Access to energy is an essential catalyst for socioeconomic development in rural areas. A growing number of people in rural areas now have access to electricity thanks to microgrid solutions, where the national grid often does not provide electricity. Developers of microgrids must manage their current locations and extend to new areas (1). On the other hand, in certain rural areas, an increasing number of microgrids have begun to diversify their power supply by including renewable energies. The design of a new power management system is necessary for the integration and optimization of the various energy sources. This system must be able to predict how much electricity the community will use and how much electricity will be produced from renewable sources in order to manage the fossil fuel-based generators and satisfy the community’s power needs (2).

Furthermore, in rural areas in developing countries such as Bangladesh, the government is unable to provide enough support for national grid extension and distributing energy to remote rural areas due to high investment and maintenance costs (3). Hence, microgrids are the only way to access electricity. However, the high costs of forecasting (demand and supply) and unreliability of a microgrid, especially when run on solar photovoltaic (PV) cells, makes implementing a microgrid in rural areas difficult as well (3).

In the literature, a number of machine learning (ML) and artificial intelligence (AI) forecasting models have been proposed for microgrid developers, in order to reduce the unreliability of running a microgrid and to create a ‘power management system’: the load or consumers’ consumption (‘demand-side’) must be predicted; the power production by the solar PV cells (‘supply-side’) must be predicted as well (1).

Otieno et al. successfully forecasted energy demand for microgrids over multiple horizons in Sub-Saharan Africa, with the best forecasts using an exponential smoothing technique (1). Mcsharry et al. also successfully forecasted energy demand, but using a probabilistic approach, with a key outcome of the paper in identifying the needed time-horizons for microgrid developers. They identify three particular ‘time-horizons’: (1) very short-term forecasting (minutes to hours), (2) short-term load forecasting (hours to weeks), and (3) medium-term to long-term forecasting (weeks to months to a year) (4). Cenek et al. applied long short-term memory (LSTM) and artificial neural networks (ANNs) to the problem, working to forecast load in rural areas in Alaska, using a relatively small amount of training data to achieve a high accuracy (2).

On the other hand, when it comes to power supply forecasting, various studies have also had success in the area. For instance, in the literature review of Mosavi et al., various studies with success are identified that use a wide array of statistical and ML approaches for forecasting power supply (5). Many studies also attempt to predict solar irradiation (which directly correlates with solar power production), such as Ahmad et al.’s models in predicting solar radiation one-day-ahead in New Zealand using commonly-used time-series models like Multilayer Perceptron (MLP), Nonlinear Autoregressive Network with Exogeneous Inputs (NARX), Autoregressive Integrated Moving Average (ARIMA), and persistence methods (6).

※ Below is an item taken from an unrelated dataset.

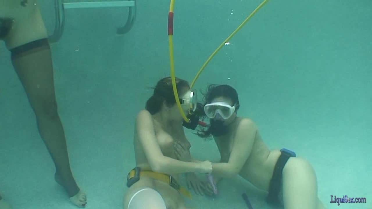 The pool party gets a LOT wilder and then the it`s time for some long hose regulator fun and a `triple play` of hardcore dildo action.

However, other successful state-of-the-art models cited by Mosavi et al. all use weather data as inputs (5). Ordiano et al. points out the problem with using this type of data. They note exorbitant costs associated with purchasing weather data on an hourly or even minute-to-minute basis to run these forecasting models, as specific types of data—such as solar radiation in a specific area of a solar farm—are not available free-of-charge to microgrid developers. They also note that in case of communication failures with weather data services, the forecasting models would fail to run, causing failure of the entire power management system (a high risk). Hence, Ordiano et al. proposed using non-weather-data, such as high-resolution and highly-granular past-power production data, to predict future power production data: removing all data costs and reducing communication-failure risk, being the cheapest and safest option (7).

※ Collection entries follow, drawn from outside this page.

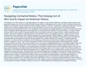 Navigating Uncharted Waters: The Embargo Act of 1807 and its Impact on American History. (2024, Jan 26). Retrieved from https://hub.papersowl.com/examples/navigating-uncharted-waters-the-embargo-act-of-1807-and-its-impact-on-american-history/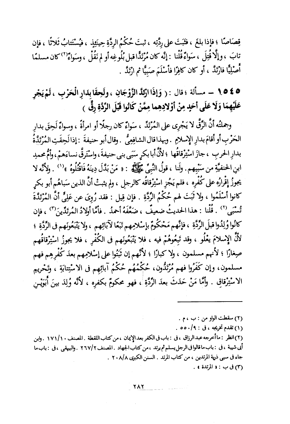 (٢) انظر: ما أخرجه عبد الرزاق، في: باب في الكفر بعد الإِيمان، من كتاب اللقطة. المصنف ١٠/ ١٧١. وابن أبى شيبة، في: باب ما قالوا في الرجل يسلم ثم يرتد، من كتاب الجهاد. المصنف ٢/ ٢٦٧، والبيهقي، في: باب ما جاء في سبى ذرية المرتدين، من كتاب المرتد. السنن الكبرى ٨/ ٢٠٨.
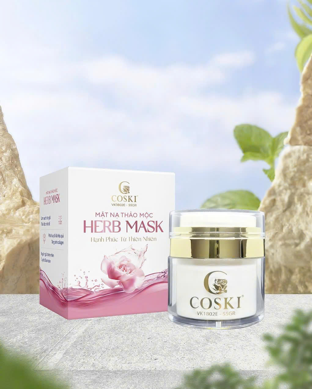 Mặt nạ thảo mộc Herb Mask COSKI là sản phẩm thiên nhiên đa chức năng. Công thức đặc biệt: vừa cung cấp dưỡng chất cho da, vừa giúp da đào thải độc tố và các chất cặn bã như : chất nhờn, mụn cám, bụi bẩn, tế bào chết và các lớp trang điểm. Từ đó làm cho lỗ chân lông luôn thông thoáng và dần dần được thu nhỏ, giúp làn da ngày càng mềm mại, mịn màng, trắng hồng một cách tự nhiên. Sản phẩm là sự kết hợp giữa nhiều loại tinh chất thảo mộc với khoáng chất tự nhiên và được sản xuất trên dây chuyền thiết bị hiện đại đạt tiêu chuẩn ISO 9001 và chứng nhận c-GMP. Herb Mask COSKI tự hào là một trong số rất ít những sản phẩm trên thị trường có khả năng thải độc cho da một cách triệt để và làm sạch mụn cám một cách nhẹ nhàng mà không cần sử dụng các phương pháp lột mụn, hút mụn, hay nặn mụn. Từ đó bảo đảm cho làn da luôn mịn màng và không bị tổn thương. Sản phẩm được phân phối rộng rãi tại các spa, cửa hàng mỹ phẩm và hệ thống phân phối trực tiếp của COSKI trên toàn quốc.

Ordiano et al. achieved success with their supply-side forecasting models (7). Inspired by their study, the goal of this study is to apply their method to bothdemand-side and supply-side forecasting, but more specifically, with microgrid developers in rural areas in mind. By increasing the reliability and cost of running a microgrid in rural areas, the goal of this study is to help increase access to electricity and renewable energies in rural areas. As such, we will be testing our models on 31 datasets (various locations across the same microgrid) in order to test and ensure model robustness across the board. We hypothesize that if we use the past power supply and demand data to predict the future power supply and demand, then we would achieve a high accuracy, as the past power supply and demand data are highly correlated with the weather-data, which would make our non-weather-based models still highly accurate, but cheaper and more reliable.

MATERIALS AND METHODS.

Original dataset – UCSD microgrid data. We used the dataset ‘Open-Source Multi-Year Power Generation, Consumption, and Storage Data in a Microgrid’, published by Silwal et al. (8). It consists of “open-source, high resolution” data on power consumption and production from the University of California, San Diego (UCSD) microgrid. The microgrid has “several distributed energy resources (DERs)”. The resolution of the data was 15-minutes. We only used the ‘real power’ and omitted the ‘reactive power’ and ‘date and time’ column. This left the dataset with only one column: ‘real power.’ We used data from all five years of the dataset, from 1^st January, 2015 to 29^th February, 2020. We tested our ML techniques on all 16 locations of the demand data available in the dataset inside the UCSD campus, and all 25 locations of the supply data available also.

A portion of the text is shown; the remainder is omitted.